LORD JENKIN OF RODING
186AB*
Insert the following new Clause—
“(1) On the day appointed for the commencement of this subsection, the body corporate known as the London Transport Users’ Committee that was established by section 247 of the Greater London Authority Act 1999 (as amended) shall cease to exist.
(2) All statutory powers, duties and responsibilities of the London Transport Users’ Committee shall on the day appointed for the commencement of this subsection vest and devolve in the Greater London Authority and are to be exercised by the London Assembly.

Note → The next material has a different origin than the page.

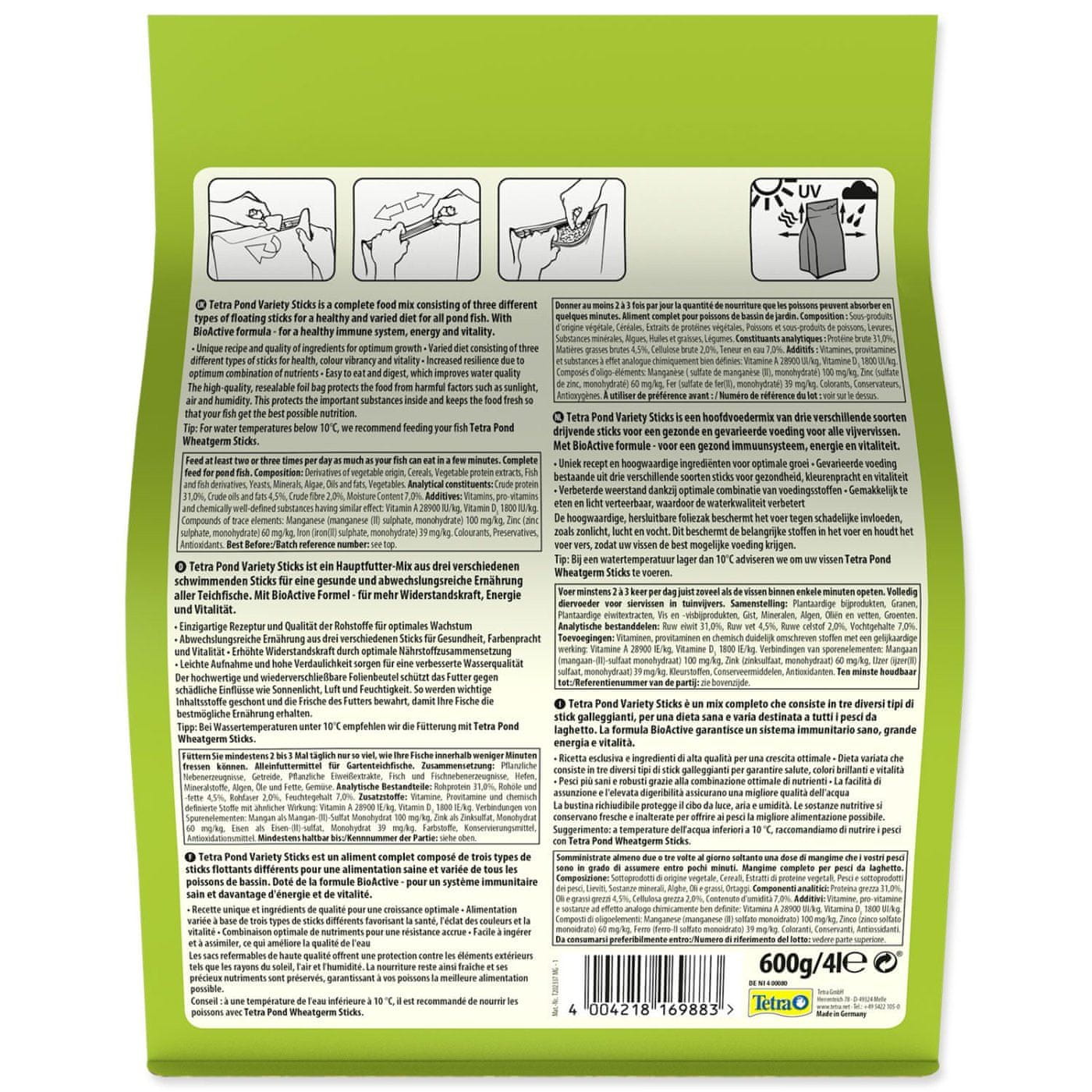 Kombinacija treh različnih vrst palčk zagotavlja optimalno uravnoteženo prehrano za jezerske in bazenske ribe. Hrana vsebuje vsa pomembna hranila, vitamine in elemente v sledovih za zdravje rib ter patentirano formulo Activ za ohranjanje zdravega imunskega sistema. Z visokokakovostnim, biološko aktivnim belilcem barv bodo imele ribe čudovite barve in intenziven sijaj.

(3) Any appointment to the London Transport Users’ Committee in pursuance of section 247 of the Greater London Authority Act 1999 as amended shall cease to have effect and section 247 of the GLA Act 1999 (as amended) shall cease to have effect from the commencement of this subsection.
(4) References in enactments, instruments and other documents to London Transport Users’ Committee established by section 247 of the 1993 Act shall have effect from the commencement of this subsection as references to the London Assembly.
(5) Section 251 of and Schedule 18 to the Greater London Authority Act 1999 (as amended) shall cease to have effect from the commencement of this subsection.
(6) Section 248 of the Greater London Authority Act 1999 (as amended) shall be amended by the omission of the words “Authority or” in subsection (1)(a) and by the omission of the words “or the Authority” in subsection (3)(b).
(7) Section 249 of the Greater London Authority Act 1999 (as amended) shall be amended by the omission of subsection (3).
(8) Section 250 of the Greater London Authority Act 1999 (as amended) shall be amended by the omission of subsection (1)(a) “to the Assembly”, the words “the Assembly and” in subsection (2) and the words “the Assembly” in subsection (3).
(9) Section 252A of the Greater London Authority Act 1999 (as amended) shall be amended by the substitution of the words “the Committee” for the words “the London Transport Users’ Committee” in subsection (2)(a).
(10) Section 252B of the Greater London Authority Act 1999 (as amended) shall be amended by the omission of the words “the London Assembly” in subsection (1)(b).”
Clause 209
LORD TOPE
LORD SHIPLEY
186B
Page 183, line 6, at end insert—
“( ) an order under section 31(3A);”
LORD MCKENZIE OF LUTON
LORD BEECHAM
LORD PATEL OF BRADFORD
186C
Page 183, line 6, at end insert—
“( ) an order under section 36(2A) or (3);”
Schedule 25
LORD TRUE
LORD HOWARD OF RISING
BARONESS HANHAM
EARL ATTLEE
187
Page 405, leave out lines 8 and 9
Clause 214
LORD GREAVES
LORD RENNARD
188
Page 186, line 46, at end insert—
“( ) Chapter 1 of Part 4 may not be commenced until universal individual voter registration has been introduced.”